» The task
Copy the listing below in full and skip every picture.

[Stored data — start]

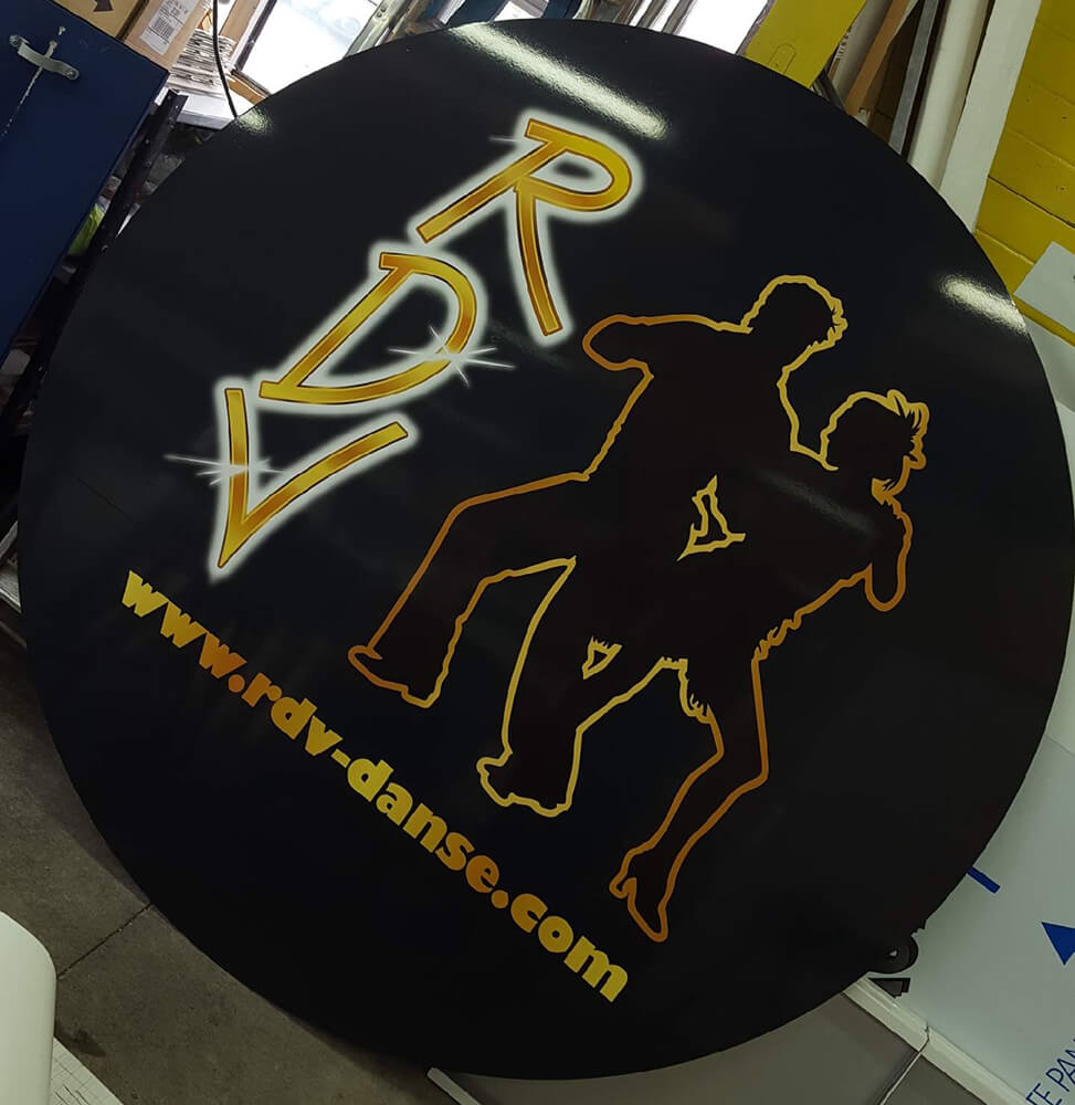 Création d’une enseigne en Alu Dibond pour une école de danse basée à Contamine-sur-Arve. Décor réalisé par notre partenaire graphique OAK-Webdesign.
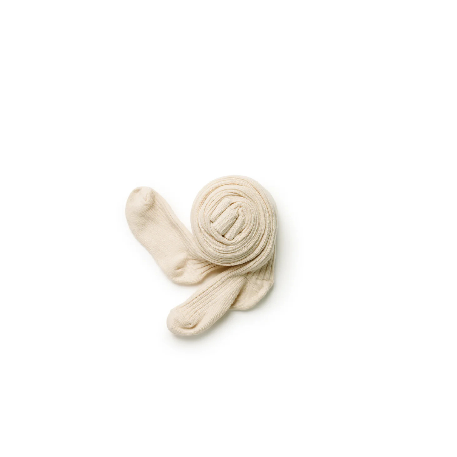 Ribbed tights in ecru. These gorgeous tights are a great addition to an outfit. Knitted from a cotton blend, in a thick, ribbed fabric. They are toasty and stylish. Perfect paired with the funnel neck dress.
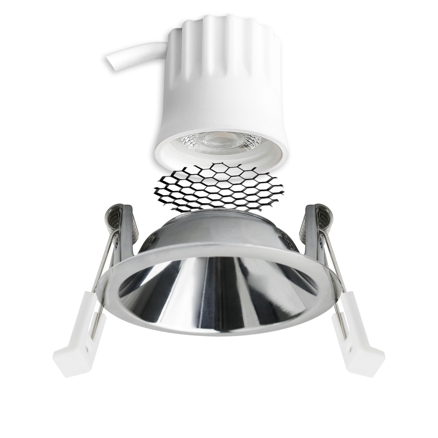 ISOLED 117274 LED Einbaustrahler BACK45, alu glänzend, rund, 5W, CRI90, 3000K, rückversetzt, Honeycomb, dimmbar

[Stored data — finish]

» Response area
 Création d’une enseigne en Alu Dibond pour une école de danse basée à Contamine-sur-Arve. Décor réalisé par notre partenaire graphique OAK-Webdesign.
 Ribbed tights in ecru. These gorgeous tights are a great addition to an outfit. Knitted from a cotton blend, in a thick, ribbed fabric. They are toasty and stylish. Perfect paired with the funnel neck dress.
 ISOLED 117274 LED Einbaustrahler BACK45, alu glänzend, rund, 5W, CRI90, 3000K, rückversetzt, Honeycomb, dimmbar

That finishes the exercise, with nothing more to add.